Task details: For the records that follow, give the number of lines containing the word "heating", with no added text.

Stored records
- - - - - - -

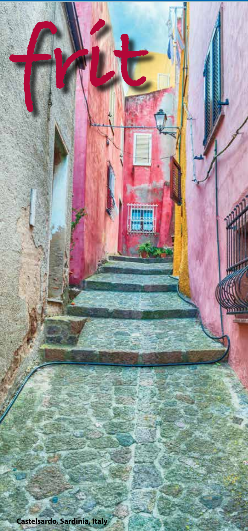
Castelsardo, Sardinia, Italy
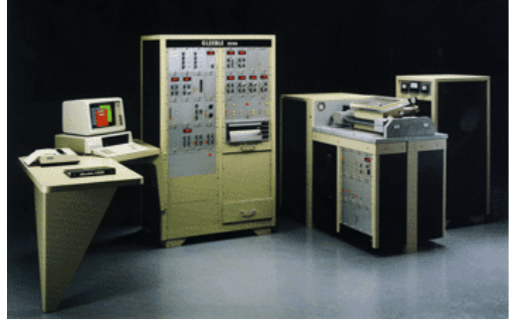
The Gleeble 1500, manufactured from 1979 to 1995, was the first system to feature PC-based controls and closed-loop servo hydraulics with high-speed direct resistance heating. This combination provided a platform for new physical simulation applications.

In 1979, DSI introduced the Gleeble 1500 which was the second generation design. It featured all-new electronics design and all-new hydraulics design, combined with a resistance heating system.
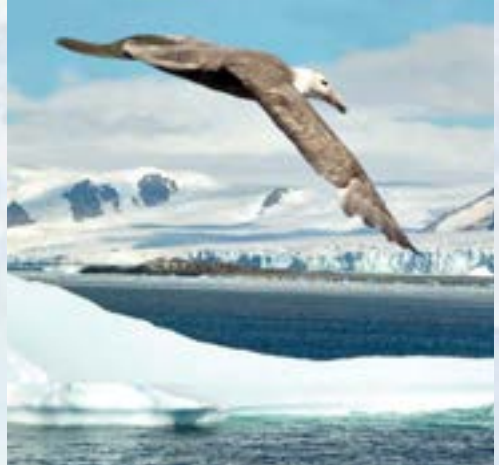
The southern giant petrel spends most of its life at sea, yet often returns to the same nest annually.

Buenos Aires, birthplace of the tango, is a city of diverse and dynamic barrios (neighborhoods). See the colorful La Boca district, Monserrat's grand public

- - - - - - -

Result of the task: 2